The clean roles intentionally keep the CATE surface focused and exclude future information. Later pitfall examples will violate this design to show what can go wrong.

Train-Test Split

We split once and reuse the same rows across the clean analysis and pitfall examples. This makes comparisons easier to interpret.

train_df, test_df = train_test_split(
    data,
    test_size=TEST_SIZE,
    random_state=RANDOM_STATE,
    stratify=data["treatment"],
)
train_df = train_df.reset_index(drop=True)
test_df = test_df.reset_index(drop=True)

split_summary = pd.DataFrame(
    {
        "split": ["train", "test"],
        "rows": [len(train_df), len(test_df)],
        "treatment_rate": [train_df["treatment"].mean(), test_df["treatment"].mean()],
        "mean_outcome": [train_df["outcome"].mean(), test_df["outcome"].mean()],
        "mean_true_cate": [train_df["true_cate"].mean(), test_df["true_cate"].mean()],
    }
)
split_summary.to_csv(TABLE_DIR / f"{CASE_PREFIX}_train_test_split_summary.csv", index=False)
display(split_summary)
split rows treatment_rate mean_outcome mean_true_cate
0 train 3640 0.5148 1.5562 0.3868
1 test 1560 0.5147 1.5332 0.3723

The train and test samples have similar treatment rates and average true effects. Reusing this split keeps the rest of the notebook apples-to-apples.

Matrix Builder

This helper prepares X, W, T, and Y matrices. It learns medians from the training data and can optionally add missingness flags to W.

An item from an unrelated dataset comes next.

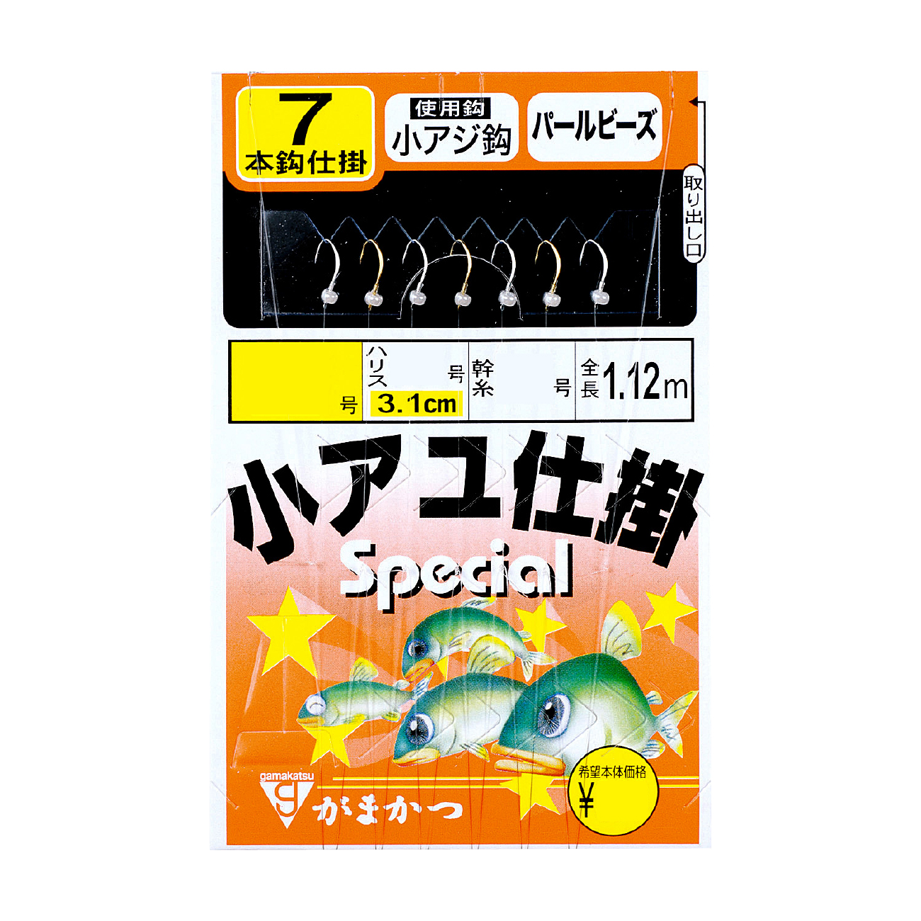 キープ力が高くキラメキ効果の高い小アジ鈎に、シラス餌を模したパールビーズを付け、実績十分!水深の深いポイントで、幅広い層も探る事ができる7本鈎仕掛です。岸壁ポイントでは人気No.1で超ロングセラー!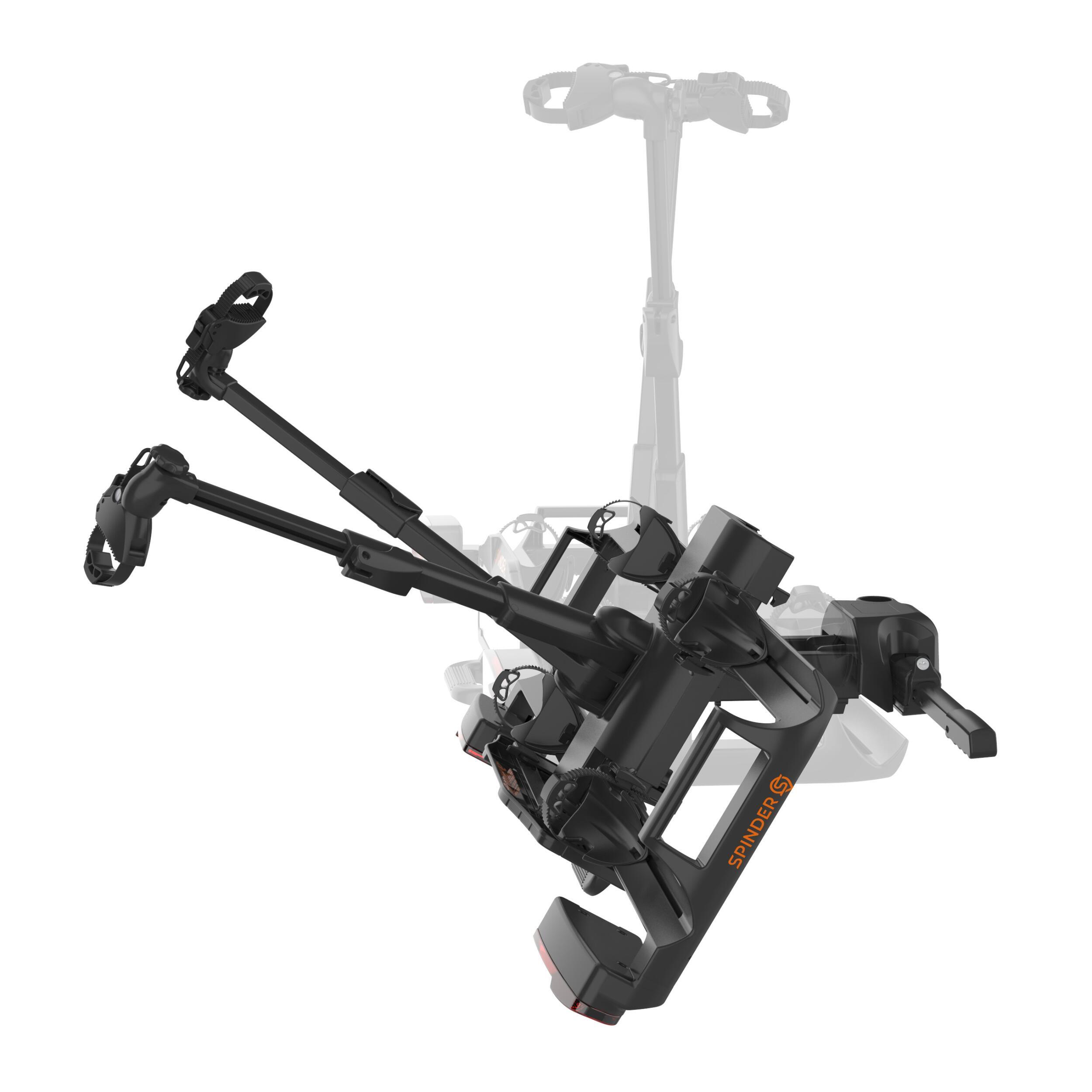 Porte-vélos plateforme basculant TX2 Premium SPINDER spécial hayon pour 2 vélos électriques, extensible à 3 avec rail XB2. Montage sur boule d'attelage, design élégant et fonctionnalité optimale.

def build_design(train_frame, test_frame, x_columns, w_columns, add_missing_flags=True):
    model_columns = list(dict.fromkeys(x_columns + w_columns))
    train_medians = train_frame[model_columns].median(numeric_only=True)
    missing_columns = [column for column in model_columns if train_frame[column].isna().any() or test_frame[column].isna().any()]

    def transform(frame):
        raw = frame[model_columns].copy()
        filled = raw.fillna(train_medians)
        X = filled[x_columns].astype(float)
        W = filled[w_columns].astype(float)
        if add_missing_flags and missing_columns:
            flags = raw[missing_columns].isna().astype(float).add_suffix("_missing")
            W = pd.concat([W, flags], axis=1)
        return X, W

    X_train, W_train = transform(train_frame)
    X_test, W_test = transform(test_frame)
    T_train = train_frame["treatment"].astype(int)
    T_test = test_frame["treatment"].astype(int)
    Y_train = train_frame["outcome"].astype(float)
    Y_test = test_frame["outcome"].astype(float)
    return X_train, W_train, T_train, Y_train, X_test, W_test, T_test, Y_test

X_train, W_train, T_train, Y_train, X_test, W_test, T_test, Y_test = build_design(
    train_df,
    test_df,
    CLEAN_X_COLUMNS,
    CLEAN_W_COLUMNS,
)
true_tau_test = test_df["true_cate"].to_numpy()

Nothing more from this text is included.